__Task brief__: Restate word for word the section of the entries that opens at the line containing "As we motored" and closes at the line containing "[02:22.92] | 神様!てめぇ!ぶっ殺してやる!! |", both lines kept, pictures dropped.

__The records__:
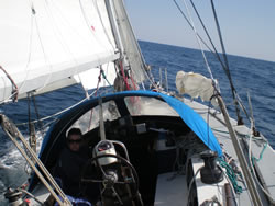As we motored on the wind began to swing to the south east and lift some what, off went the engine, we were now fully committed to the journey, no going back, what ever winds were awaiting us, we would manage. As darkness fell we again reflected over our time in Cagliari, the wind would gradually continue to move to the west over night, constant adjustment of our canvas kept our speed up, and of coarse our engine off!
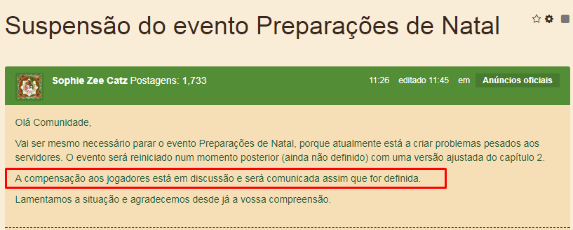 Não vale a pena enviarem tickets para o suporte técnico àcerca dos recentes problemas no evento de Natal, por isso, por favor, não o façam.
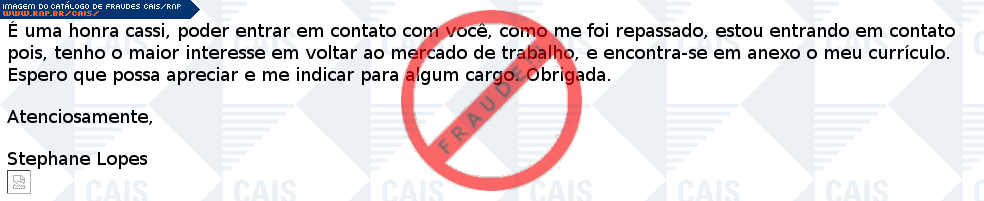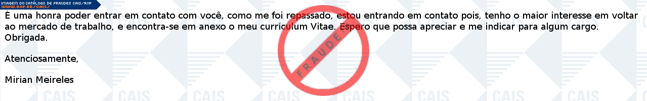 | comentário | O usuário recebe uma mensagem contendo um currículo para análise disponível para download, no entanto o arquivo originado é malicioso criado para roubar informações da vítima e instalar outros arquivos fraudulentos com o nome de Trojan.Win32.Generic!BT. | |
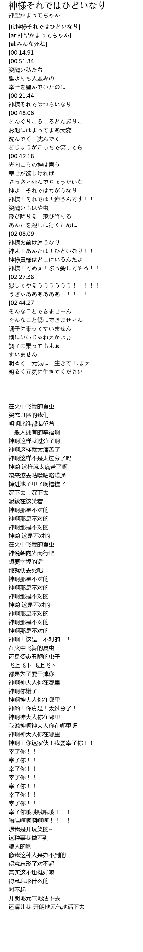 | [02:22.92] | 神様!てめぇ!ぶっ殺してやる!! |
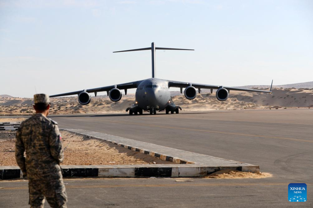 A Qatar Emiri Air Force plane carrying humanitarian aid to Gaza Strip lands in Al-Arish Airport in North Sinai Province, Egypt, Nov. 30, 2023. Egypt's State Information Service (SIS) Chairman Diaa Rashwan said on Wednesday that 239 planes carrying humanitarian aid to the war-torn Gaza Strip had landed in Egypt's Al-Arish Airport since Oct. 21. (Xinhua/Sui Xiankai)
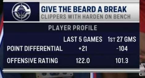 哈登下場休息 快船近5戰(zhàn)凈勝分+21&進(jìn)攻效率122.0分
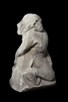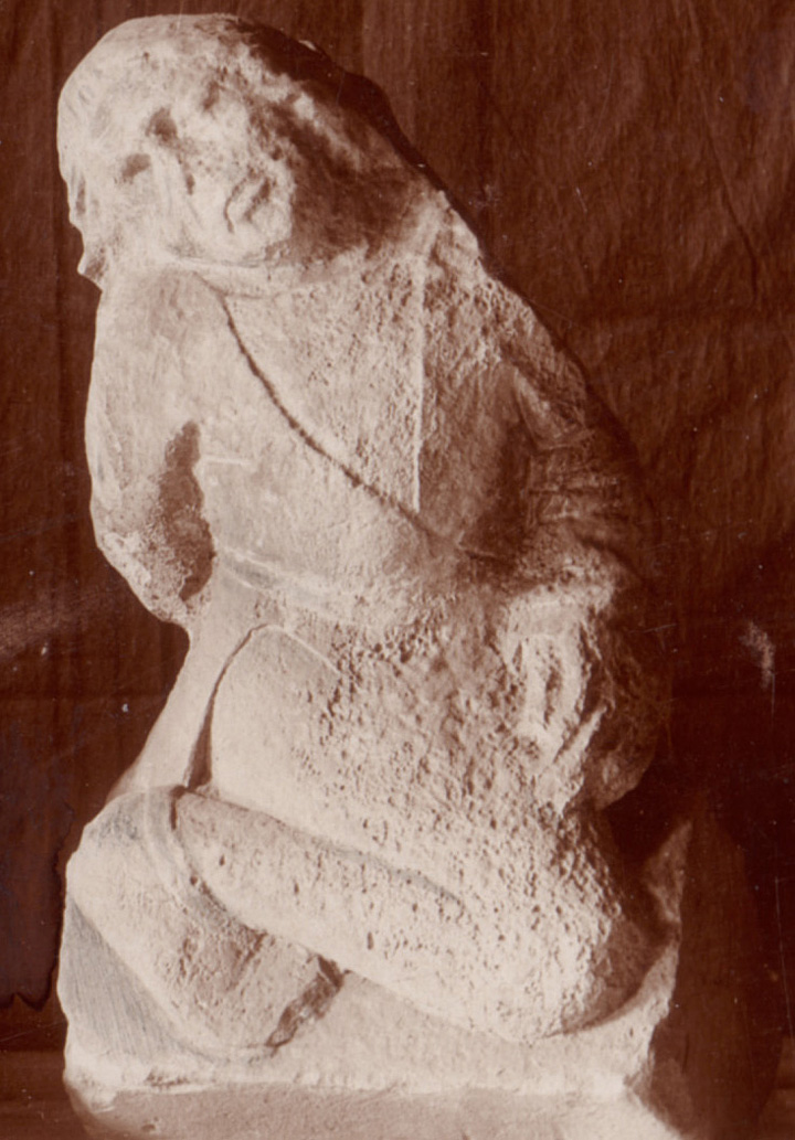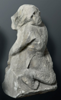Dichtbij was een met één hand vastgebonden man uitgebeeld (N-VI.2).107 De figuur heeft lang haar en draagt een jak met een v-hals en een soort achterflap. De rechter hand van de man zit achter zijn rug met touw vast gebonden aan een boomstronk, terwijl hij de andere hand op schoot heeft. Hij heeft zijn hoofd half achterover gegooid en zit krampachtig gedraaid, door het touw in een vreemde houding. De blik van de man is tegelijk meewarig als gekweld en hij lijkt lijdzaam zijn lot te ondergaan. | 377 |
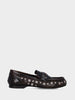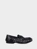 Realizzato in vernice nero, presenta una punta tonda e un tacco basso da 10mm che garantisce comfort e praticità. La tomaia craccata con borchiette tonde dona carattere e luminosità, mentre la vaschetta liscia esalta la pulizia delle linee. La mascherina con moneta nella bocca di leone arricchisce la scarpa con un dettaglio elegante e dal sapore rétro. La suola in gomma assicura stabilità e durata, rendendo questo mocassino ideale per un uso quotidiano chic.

---

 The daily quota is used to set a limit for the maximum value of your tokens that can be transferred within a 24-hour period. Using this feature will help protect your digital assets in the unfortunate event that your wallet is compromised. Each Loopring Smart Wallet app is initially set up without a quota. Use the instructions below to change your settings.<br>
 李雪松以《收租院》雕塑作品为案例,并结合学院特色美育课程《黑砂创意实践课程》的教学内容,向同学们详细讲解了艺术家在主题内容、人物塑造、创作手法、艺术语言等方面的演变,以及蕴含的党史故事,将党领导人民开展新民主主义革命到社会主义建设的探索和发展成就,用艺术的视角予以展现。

* * *

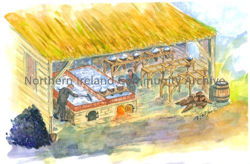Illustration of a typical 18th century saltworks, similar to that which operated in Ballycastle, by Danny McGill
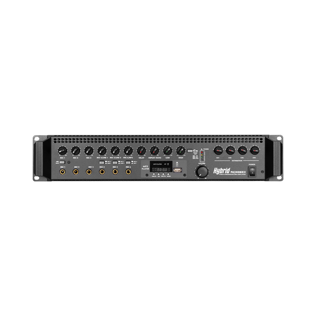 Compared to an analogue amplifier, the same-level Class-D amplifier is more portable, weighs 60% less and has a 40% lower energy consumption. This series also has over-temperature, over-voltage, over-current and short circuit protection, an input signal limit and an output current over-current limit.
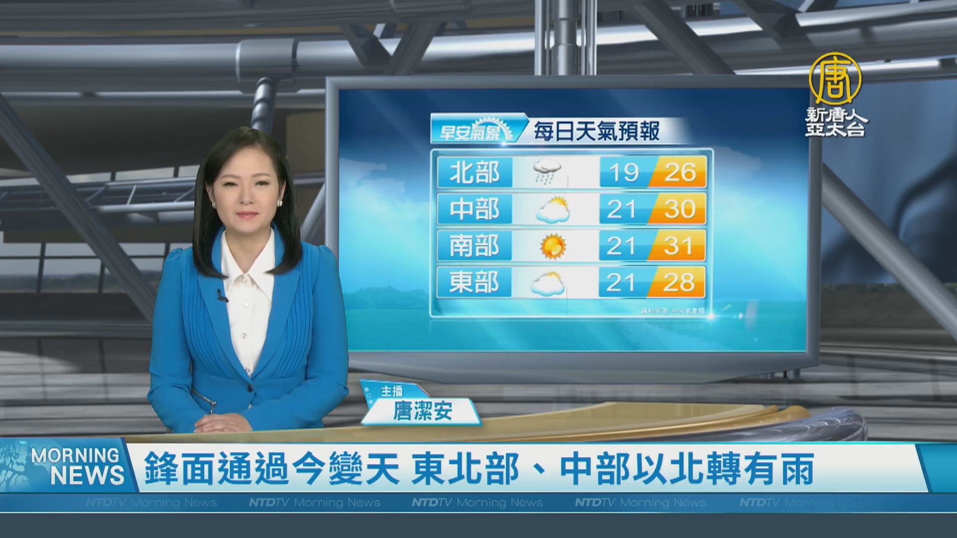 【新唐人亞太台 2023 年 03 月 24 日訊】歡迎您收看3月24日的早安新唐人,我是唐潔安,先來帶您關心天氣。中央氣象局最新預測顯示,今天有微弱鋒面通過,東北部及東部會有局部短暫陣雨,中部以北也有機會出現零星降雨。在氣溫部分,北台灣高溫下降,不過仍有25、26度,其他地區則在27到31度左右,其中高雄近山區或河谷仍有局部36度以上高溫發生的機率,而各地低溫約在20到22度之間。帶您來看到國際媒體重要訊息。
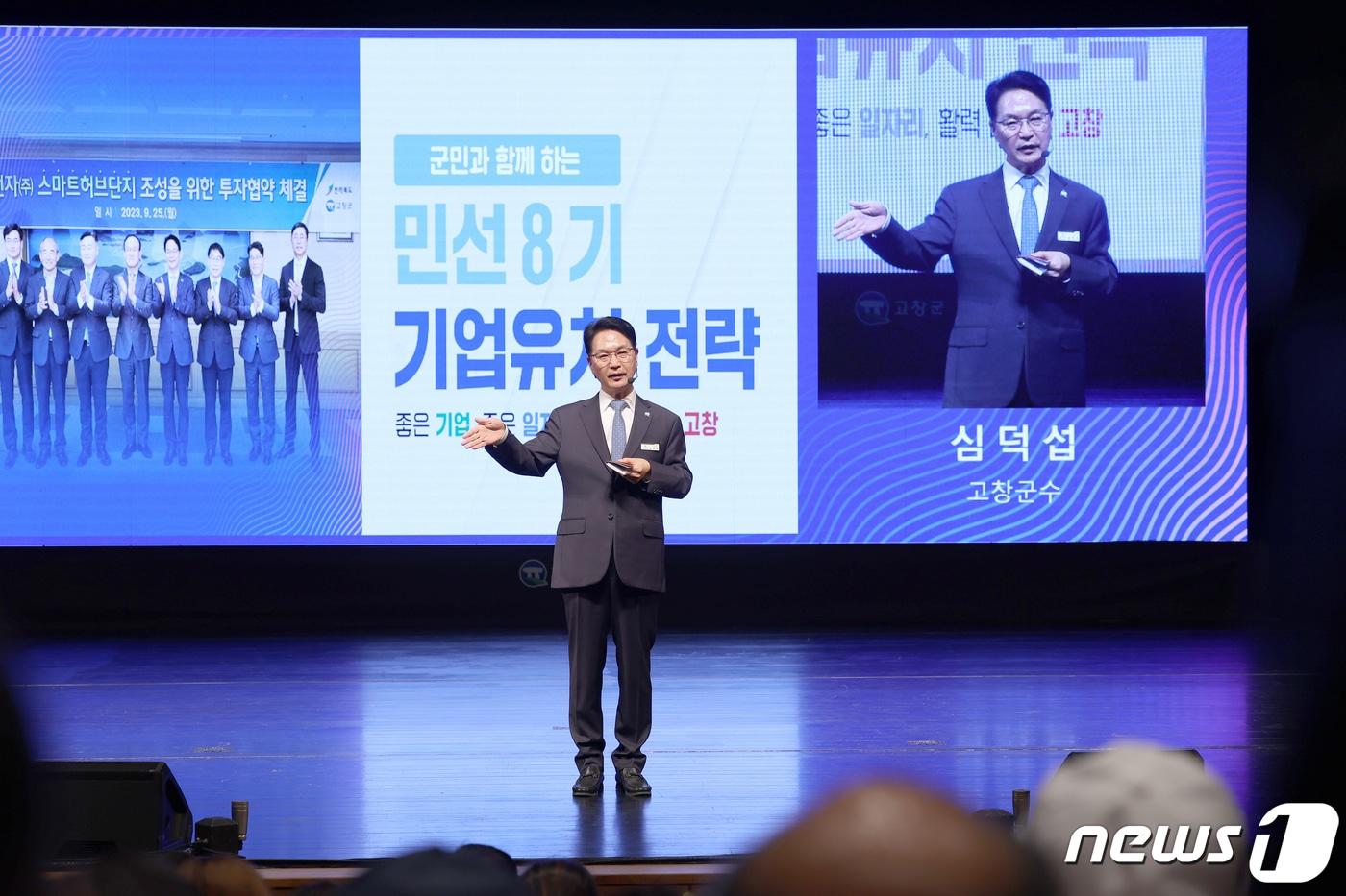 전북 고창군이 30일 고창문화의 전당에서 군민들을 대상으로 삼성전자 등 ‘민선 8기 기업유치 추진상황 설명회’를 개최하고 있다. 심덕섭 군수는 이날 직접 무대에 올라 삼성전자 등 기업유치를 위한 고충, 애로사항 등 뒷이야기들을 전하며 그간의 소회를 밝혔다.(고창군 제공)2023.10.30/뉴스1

__Solved exercise__:
As we motored on the wind began to swing to the south east and lift some what, off went the engine, we were now fully committed to the journey, no going back, what ever winds were awaiting us, we would manage. As darkness fell we again reflected over our time in Cagliari, the wind would gradually continue to move to the west over night, constant adjustment of our canvas kept our speed up, and of coarse our engine off!
 Não vale a pena enviarem tickets para o suporte técnico àcerca dos recentes problemas no evento de Natal, por isso, por favor, não o façam.
 | comentário | O usuário recebe uma mensagem contendo um currículo para análise disponível para download, no entanto o arquivo originado é malicioso criado para roubar informações da vítima e instalar outros arquivos fraudulentos com o nome de Trojan.Win32.Generic!BT. | |
 | [02:22.92] | 神様!てめぇ!ぶっ殺してやる!! |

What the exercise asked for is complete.